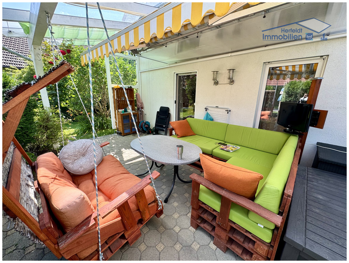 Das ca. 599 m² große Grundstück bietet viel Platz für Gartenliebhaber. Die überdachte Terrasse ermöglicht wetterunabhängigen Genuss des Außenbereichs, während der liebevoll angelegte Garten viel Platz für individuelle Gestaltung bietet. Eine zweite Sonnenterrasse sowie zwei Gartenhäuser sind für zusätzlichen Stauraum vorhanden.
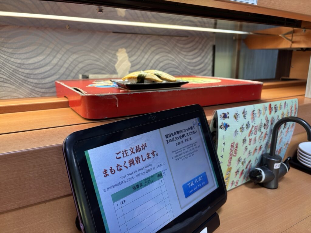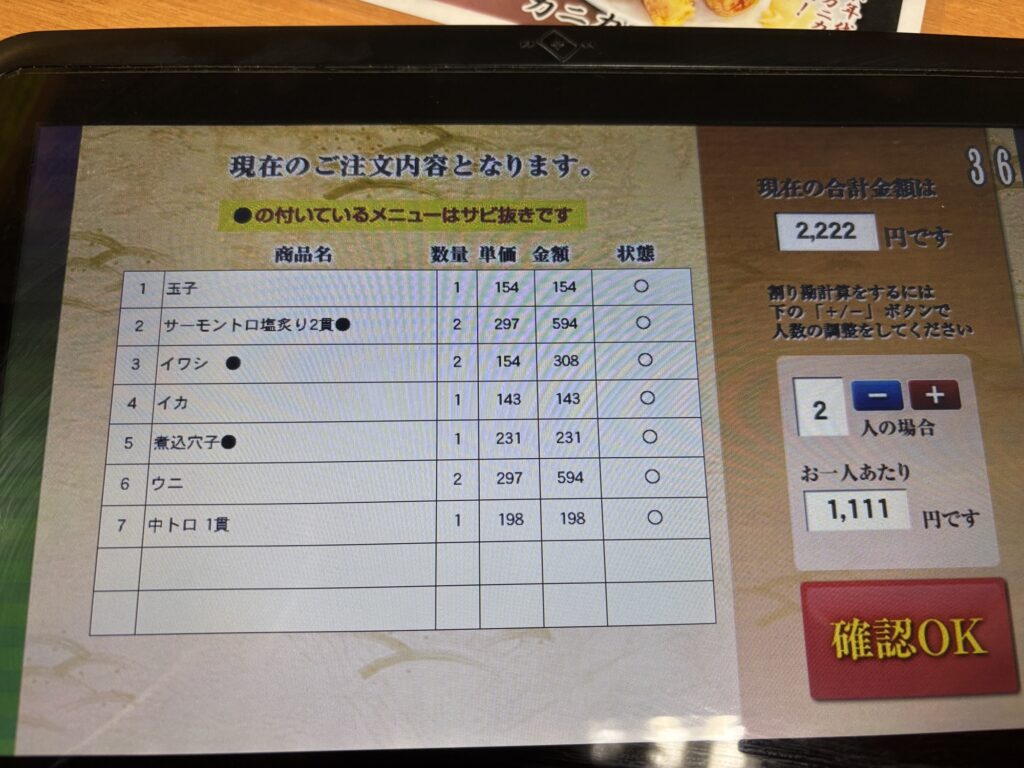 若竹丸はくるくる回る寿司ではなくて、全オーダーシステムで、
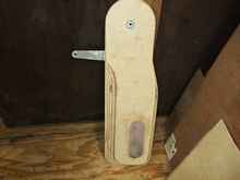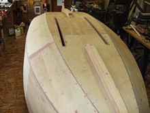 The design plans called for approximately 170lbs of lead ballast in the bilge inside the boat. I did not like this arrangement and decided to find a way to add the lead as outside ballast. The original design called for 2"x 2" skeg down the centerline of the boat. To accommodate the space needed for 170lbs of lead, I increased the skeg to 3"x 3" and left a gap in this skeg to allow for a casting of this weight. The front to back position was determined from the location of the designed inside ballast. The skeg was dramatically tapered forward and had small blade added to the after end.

——————

• _Activity_: Leave out the images and write out the listing above exactly.

• _Result for this task_:
 Das ca. 599 m² große Grundstück bietet viel Platz für Gartenliebhaber. Die überdachte Terrasse ermöglicht wetterunabhängigen Genuss des Außenbereichs, während der liebevoll angelegte Garten viel Platz für individuelle Gestaltung bietet. Eine zweite Sonnenterrasse sowie zwei Gartenhäuser sind für zusätzlichen Stauraum vorhanden.
 若竹丸はくるくる回る寿司ではなくて、全オーダーシステムで、
 The design plans called for approximately 170lbs of lead ballast in the bilge inside the boat. I did not like this arrangement and decided to find a way to add the lead as outside ballast. The original design called for 2"x 2" skeg down the centerline of the boat. To accommodate the space needed for 170lbs of lead, I increased the skeg to 3"x 3" and left a gap in this skeg to allow for a casting of this weight. The front to back position was determined from the location of the designed inside ballast. The skeg was dramatically tapered forward and had small blade added to the after end.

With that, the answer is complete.